What is the issue?

The profit an S Corporation generates is not taxed at the corporate level. The profit is taxed at the individual level, as salary (w-2) for the shareholder employee or S Corporation income on the individual tax return. To the extent, the profit from the S Corporation generates before shareholder salary is classified as salary, the amount is subject to social security and Medicare taxes, both the employee share and employer share, as well as income taxes. In 2018 the first $127,400 of salary is subject to social security and Medicare tax at 15.3%. It also is subject to income tax at the federal level to a maximum of 37%. Therefore, the salary can be subject to federal taxed at 52.3 %. To the extent, the profit can be reported as S Corporation income it will be subject to the federal income tax, to a maximum of 37%. This is the reason the IRS is concerned about reasonable salary for shareholders who preform services for the corporation.

What is the IRS looking for?

The IRS is on the lookout for S Corporations that fail to pay reasonable salaries to shareholders who preform services for the corporation.
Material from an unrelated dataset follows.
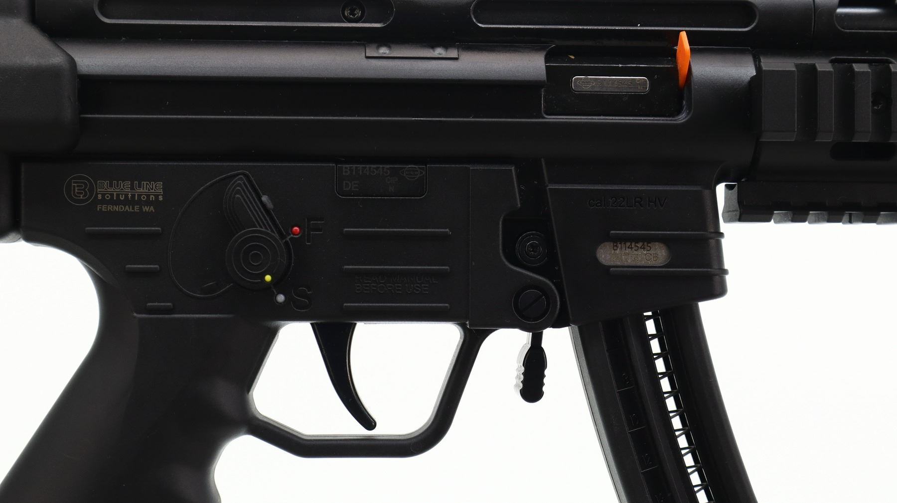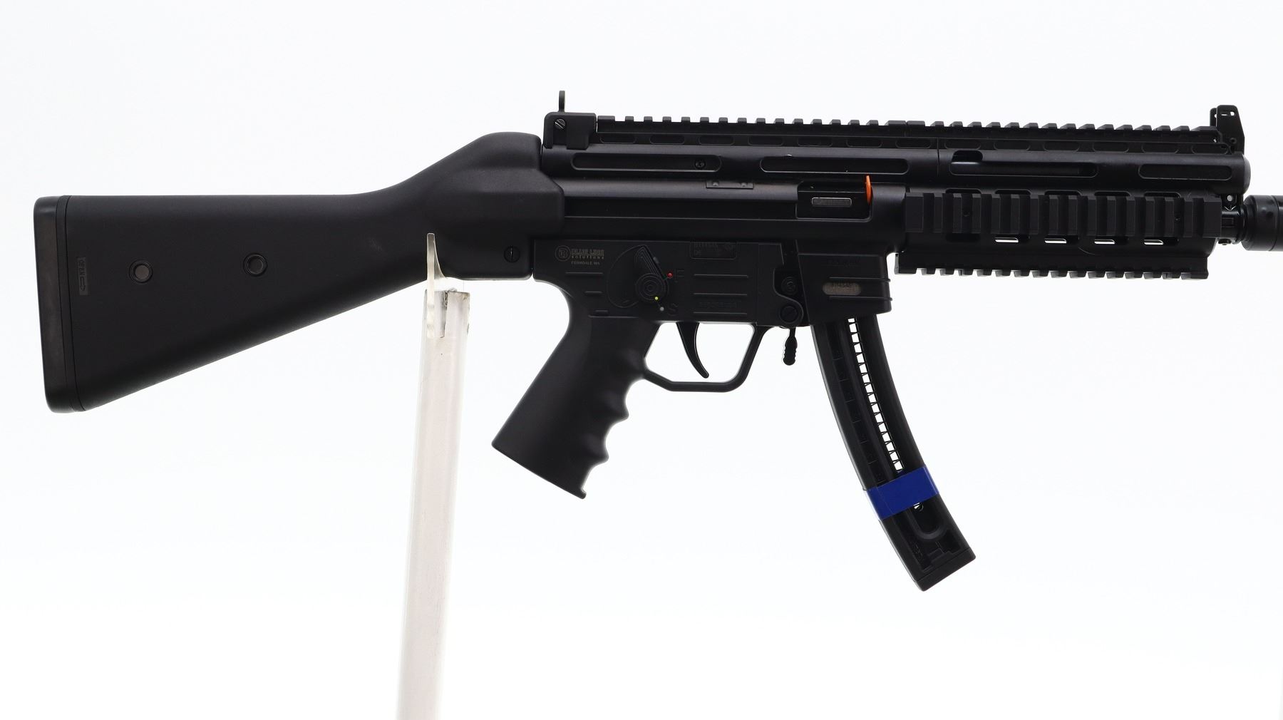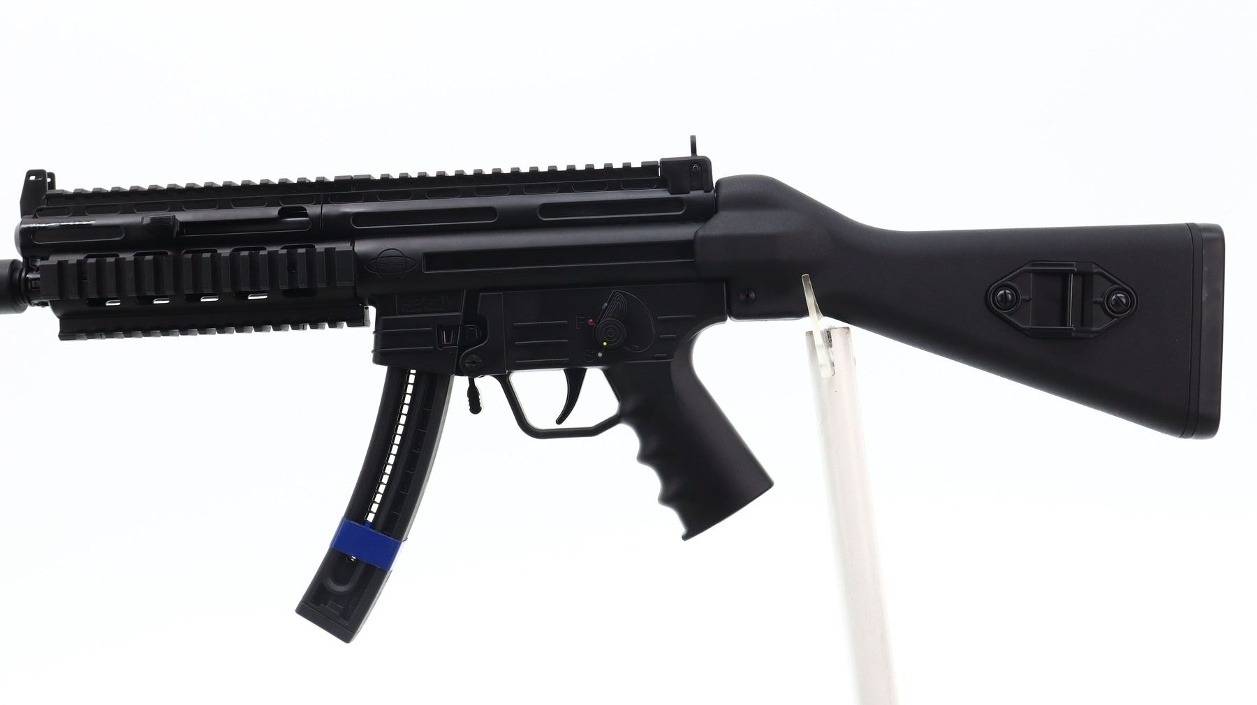 8+/10, GSG, MODEL: 16, CALIBER: 22 LR , COMES WITH BOX, MANUAL 2 MAGAZINE, SPARE PARTS, BORE IS EXCELLENT. BLADE FRONT SIGHT WITH EARS. ADJUSTABLE REAR PEEP SIGHT. FULL LENGTH RAIL ON RECEIVER. VENTED FOREND WITH THREE RAILS. BLACK POLYMER PISTOL GRIP WITH 3 GROOVES. ONE PIECE BLACK SYNTHETIC BUTT STOCK. GROOVED RUBBER RECOIL PAD. REAR SWIVEL. EXTENDED MAG RELEASE. ALUMINUM BARREL SHROUD. SPARE PARTS INCLUDE COLLAPSIBLE MP5 TYPE BUTT STOCK. VARIOUS SIZE SIGHT PARTS. METAL FINISH SHOWS SOME SCRATCHES, HANDLING MARKS AND WEAR. STOCK SHOWS SOME MARKS AND SCRATCHES. ACTION: SEMI AUTOMATIC RIFLE , BARREL LENGTH: 16.5", SERIAL # B114545, CONDITION: 8+/10, CLASS: CANADIAN NON RESTRICTED

The failure to pay adequate salary- or no salary at all – to the shareholder employee is a “Red Flag” for audit by the IRS. It’s important for a S Corporation to properly compensate working shareholders to avoid a big employment tax bill in the future along with interest and penalty.

The key to establishing a reasonable salary is determining what the shareholder does for the S Corporation. Initially we need to understand the source of the S corporation ‘s gross receipts.

The three major sources of gross receipts are:

  1. Services by the shareholder
  2. Services by non-shareholder employees
  3. Receipts primarily dependent on capital and equipment

If most of the gross receipts and profits are due to the share-holder’s personal services, the expectation by the IRS that most of the profits should be allocated as salary. On the other hand, if more of the gross receipts and profits are due to non-shareholder employees or from capital or equipment it is reasonable that the shareholder would receive distributions along with salary.

In addition, the shareholder-employee should be compensated for administrative work performed, such as assisting other employees or assets that produce receipts and profits. Some of factors the IRS utilizes to determine reasonable salary include:

  • Training and experience
  • Duties and Responsibility
  • Time and effort devoted to the business
  • Dividend history
  • Payments to non-shareholder employees
  • Timing and manner of paying bonuses to key people
  • What comparable businesses pay for similar services?
  • Compensation agreements
  • The use of a formula to determine compensation

A significant point is that no IRS rule (safe Harbor) exists that insulates the s corporation from an audit on the issue. A reasonable salary depends on all the facts and circumstances in each individual case.

The 60-40 Approach:

Many CPA’s advice their clients to use what is called the “60-40 rule”. This is not an IRS rule and not a safe harbor rule. It was developed by practitioners as a simple guide for determining a reasonable salary. Under the 60- 40 approach, the profits of the S corporation before shareholders salaries would be split as  60% for salaries and 40% for distributions.  The 60- 40 method is not a defense if the IRS comes calling, but it is something, and generally considered safe under normal circumstances.  Let’s remember, if the S corporation is a personal service corporation, and most of the receipts and profits are generated by the individual shareholders, with one employee, the 60-40 method is not likely to satisfy the IRS. A strong case could be made in this circumstance most if not all the profits could be considered salary. At the other extreme, if the S Corporation is a construction company with large amounts of capital equipment and many non-shareholder’s employees, a case could be made that a reasonable salary could be 20% or less.

Other Approaches:  

Some CPA’s advocate the 1/3, 1/3, 1/3 approach:

  • 1/3 Paid as a shareholder salary
  • 1/3 Distributed as return on investment
  • 1/3 Retained for company growth

Under this approach, if you do not retain 1/3 in the business, you would generally allocate it 50% salary, 50% distribution. Again, this approach can be a good starting point. All the above discussed factors must be taken into consideration to justify the amount allocated to salary.

While using comparable salary information for similar businesses is a good plan to start, it becomes more applicable and reasonable as the income of the S corporation exceeds $500,000 annually.

Summary:

Unfortunately, there is no way to guarantee that the salaries set for the shareholder employee will pass muster with the IRS. If you do your homework, have a reasonable basis for decision and show you made a good faith effort to pay reasonable shareholders salaries, the IRS is more likely to defer to your judgment.